For Bangladesh, adopting a balanced strategy is crucial. The government needs to be careful in financing development while maintaining debt sustainability. It must expand concessional borrowing from multilateral development banks. Such funding is critical for infrastructure, climate adaptation, and social protection programmes at low cost. At the same time, the country should also explore innovative funds. For example, debt-for-climate swaps where a portion of external debt is forgiven in exchange for investments in climate-resilient projects. Such mechanisms can reduce debt burdens, while also helping reduce climate vulnerabilities.
Another critical avenue is domestic revenue mobilisation. While external debt remains significant, Bangladesh can reduce its reliance on borrowing by improving tax collection and broadening the tax base. Clearly, countries with stronger domestic resource mobilisation are better positioned to sustainably manage debt and invest in long-term development. Higher tax collection should be coupled with efficient public spending. That requires transparency in borrowing and investment so that debt translates into tangible benefits rather than creating fiscal pressure.
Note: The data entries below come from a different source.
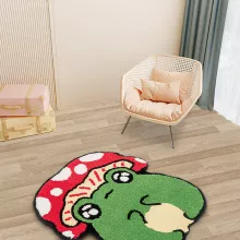 Add a splash of charm and cozy fun to your room with the irresistibly cute Frog Mushroom Tufted Rug. Designed for lovers of all things kawaii and cozy, this unique area rug features a green frog wearing an adorable mushroom cap—an instant conversation piece that will brighten any corner of your home. Whether you’re updating your bedroom, sprucing up your bathroom, or adding flair to a reading nook, this rug is the perfect blend of comfort and personality.
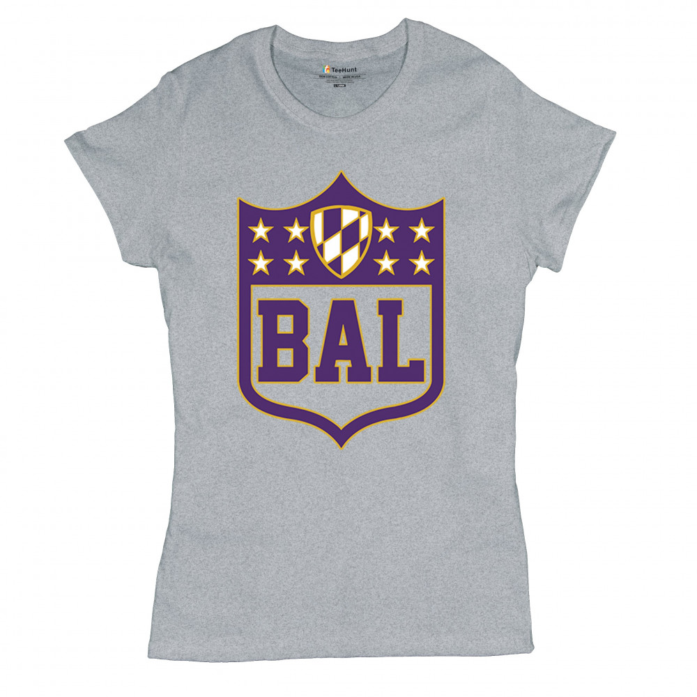 Bold BAL shield design for Baltimore football fans. Vintage sports shirt, collegiate style, and perfect Game Day Baltimore tee.
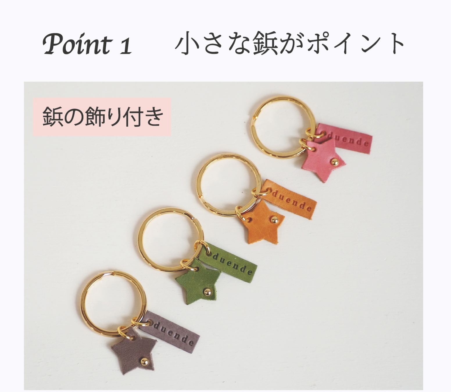 くすんだ色味が可愛いモストロレザーで出来た星形のキーチャーム。
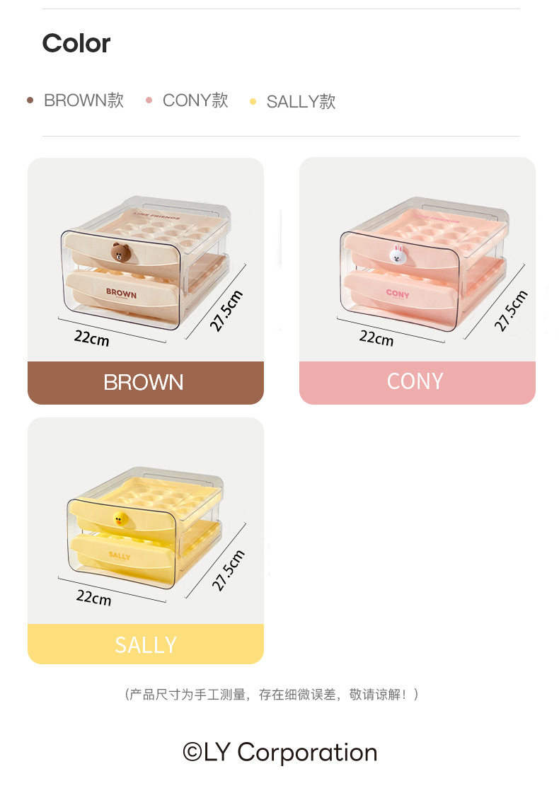| Specification | [brown bear] 40-compartment drawer type [long-lasting freshness/no egg picking type],[coni rabbit] 40-compartment drawer type [long-lasting freshness/no egg picking],[brown bear*2] 80-grid drawer type [long-lasting freshness/no egg picking type],[coni rabbit*2] 80-grid drawer type [long-lasting freshness/no egg picking type],[brown + coni] 80-grid drawer type [long-lasting freshness/no egg picking type] |
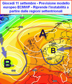 L’aggiornamento serale del modello europeo pone risalto all’avvio di una nuova fase d’instabilità che inizierebbe a portare i propri effetti partendo da giovedì 11 settembre. Risulta ancora incerto il comportamento della depressione prevista in formazione sulla penisola Iberica, le cui sorti dipenderanno essenzialmente dalla possibilità o meno che quest’ultima venga agganciata dalla corrente a getto in discesa dalla regione canadese.
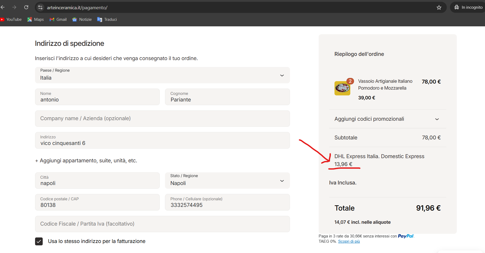 I costi delle spedizioni non vengono convertiti in altre valute.
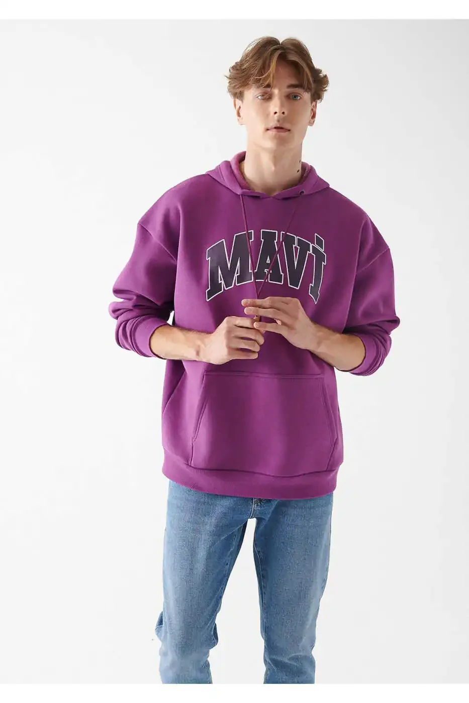 This purple sweatshirt, a favorite of stylish men, will add a modern touch to your everyday chic. Offering a comfortable and stylish look, the sweatshirt provides all-day comfort with its soft texture. The unique logo print adds character to its design, while the purple color attracts attention.
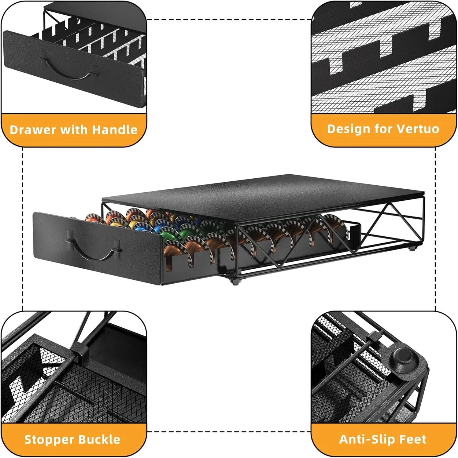 Resumen del producto: Organizador de 50 Cápsulas Nespresso Vertuo y Dolce Gusto – Soporte Antideslizante y Silencioso para Cápsulas Vertuo, Cajón Metálico para Almacenamiento de Café

In a world of economic pressure and uncertainty, characterised by trade protectionism and currency fluctuations, Bangladesh must diversify its sources of financing and build financial resilience to withstand global shocks. It needs to adopt sustainable financing strategies to avoid debt crises. Debt is not inherently bad, unmanaged and excessive debt can erode growth, social welfare, and resilience. With prudent policies, careful planning, and innovative financing strategies, Bangladesh can harness debt as a tool for sustainable development rather than a source of vulnerability. While the government should follow a more cautious borrowing policy, structural reforms in revenue collection, public expenditure, and project execution must be pursued simultaneously. Strengthening institutions to improve these areas is critical for easing debt repayment pressures and maintaining macroeconomic stability. External borrowing will remain important for development financing. However, its management will determine whether it becomes a growth enabler or a looming burden.
Dr Fahmida Khatun is executive director at the Centre for Policy Dialogue (CPD).
Views expressed in this article are the author's own.